The most striking thing about the cases mentioned above is their sadistic violence. It seems odd that so many of the major sex crimes in the latter half of the nineteenth century should involve this frenzy. The answer undoubtedly lies in the social attitudes of the period. At most levels of society, relations between men and women were stiff and formal. So when sheer sexual lust overcame these inhibitions, the result was a violent explosion that went beyond mere rape.

Of course, there
were
a large number of ordinary rapes, and no doubt it would be possible to disinter these from the police court records of the time. But they were not recorded by writers of crime (such as Major Arthur Griffiths, whose
Mysteries of the Police and Crime
is still the best general introduction to nineteenth ceatury villainy.) Thomas S. Duke’s
Celebrated Criminal Cases of America
is the American equivalent of the
Newgate Calendar
, and was published as late as 1910; yet among its hundred or so cases, there are only three sex crimes. In all three, we observe this same ‘explosive’ element. One is the case of Jesse Pomeroy, already described. Another concerned a ‘degenerate’ named Hadley, who lured a fifteen-year-old girl to a rented house, claiming he needed a baby sitter; she was raped and ‘frightfully mutilated’. The crime was obviously carefully planned - the house had been specially rented - and Hadley was never caught.

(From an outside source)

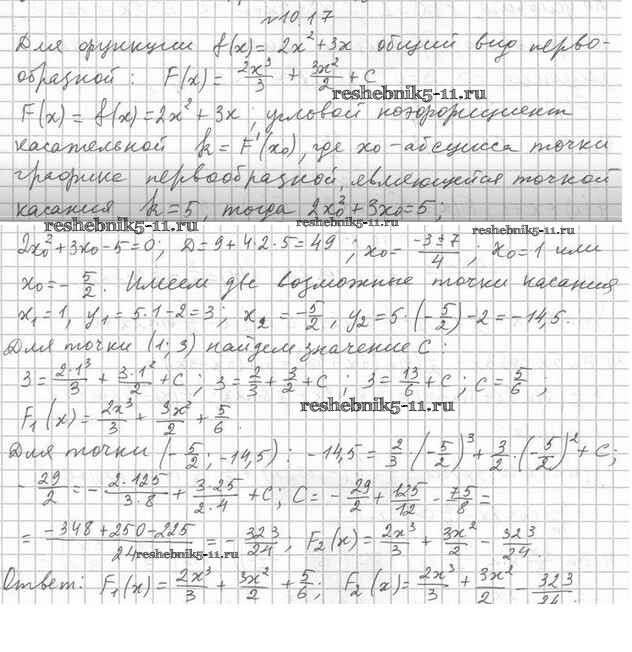 Готовая домашняя работа с ответами по Алгебре за 11 класс Мерзляк, Номировский, Поляков Учебник Алгоритм успеха Углубленный уровень Вентана-граф 2019 ФГОС - §10. Правила нахождения первообразной 10.17

The third case is in some ways the most typical. In 1895, twenty-four-year-old Theodore Durrant was a Sunday school superintendent and a prominent member of the Emanuel Baptist Church in San Francisco. He was also in his final year at the Cooper Medical College. He was deeply interested in pretty, twenty-one-year-old Blanche Lamont, a highly religious girl who ‘seldom went to places of amusement’. On 3 April 1895, Miss Lamont left her cookery class and accompanied Durrant to the Emanuel Baptist Church on Bartlett Street. He had the church keys. There he strangled her, and dragged her body up to the belfry, where he stripped and, presumably, raped her. (When the body was later examined, decomposition made it impossible to be specific about this.) He placed two small wooden blocks under her head as a pillow, crossed her hands on her breasts, and left her. He had been alone in the church with her for more than an hour. Downstairs he encountered the church organist, nineteen-year-old George King, a close friend. King observed that Durrant looked pale and shaken. Durrant explained that he had been searching for a gas leak, and had been almost overpowered by escaping gas. King sympathetically went off to buy a bottle of bromo-seltzer; but the story of the gas leak puzzled him, for he could smell no gas, and he knew that plumbers had checked all the fittings recently.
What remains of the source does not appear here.